Re: [Condor-users] Multiple Network Interface cards and central managernot communicating with execute machine.




Hi Charles,
 
You can try to add the following:
NETWORK_INTERFACE=your specific network interface
into the configuration file to see if it works.
 
Good luck!
 
-Hailong
 
2009-11-20

***********************************************
* Hailong Yang, PhD. Candidate
* Sino-German Joint Software Institute,
* School of Computer Science&Engineering, Beihang University
* Phone: (86-010)82315908
* Email: hailong.yang1115@xxxxxxxxx
* Address: G413, New Main Building in Beihang University,
*              No.37 XueYuan Road,HaiDian District,
*              Beijing,P.R.China,100191
***********************************************

发件人: Charles Embry
发送时间: 2009-11-20  05:29:53
收件人: condor-users
抄送:
主题: [Condor-users] Multiple Network Interface cards and central managernot communicating with execute machine.
The condor pool that I am trying to set up is on the same server rack/router and the machines can ping each other and ssh each other. But in condor they don;t seem to be communicating, condor_status never shows the the execute machine that I am trying to add to the central manager(that is also a submit and execute machine) . The machines are all sunfire Sun mirosystems servers. they all have 4 NICS, (Network Interface cards) We are only using one(we have no need at this time to use all of them) and the other three on each machine is not hooked up to anything.

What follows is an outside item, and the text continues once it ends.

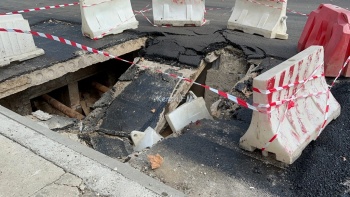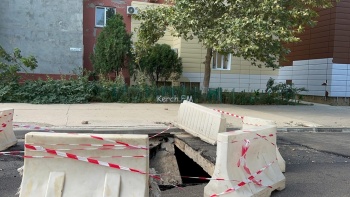 В Керчи на дублере улицы Генерала Петрова оградили часть дороги. Напомним, вчера, около здания женской консультации, провалился под дорогу самосвал с асфальтом, - передает Керчь.ФМ.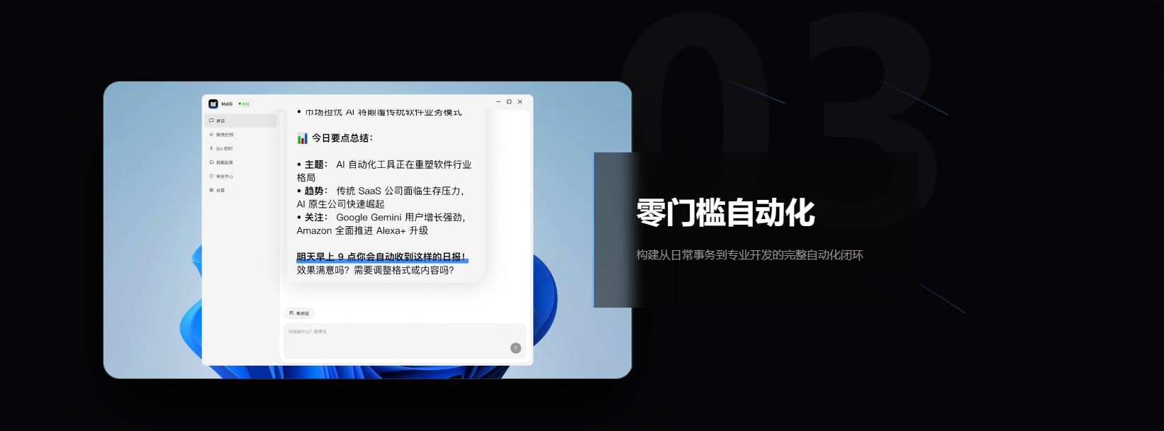 传统AI对话模型大多停留于信息问答与内容生成,而Molili的核心突破在于其接入了先进的VLA模型能力,实现了“看懂屏幕”并“直接操纵软件”。这意味着AI从“参谋”变成了“执行者”,能够理解用户的自然语言指令,并自动在电脑端完成一系列跨应用、跨流程的复杂操作。

On the execute machine i get this error in the logs fie

Master log__________

11/16 17:07:18 DaemonCore: Command Socket at <144.167.99.201:49652>
11/16 17:07:18 Started DaemonCore process "/root/Desktop/condor-7.2.4/sbin/condor_startd", pid and pgroup = 27436
11/16 17:07:23 attempt to connect to <144.167.99.210:9618> failed: No route to host (connect errno = 113).  Will keep trying for 20 total seconds (20 to go).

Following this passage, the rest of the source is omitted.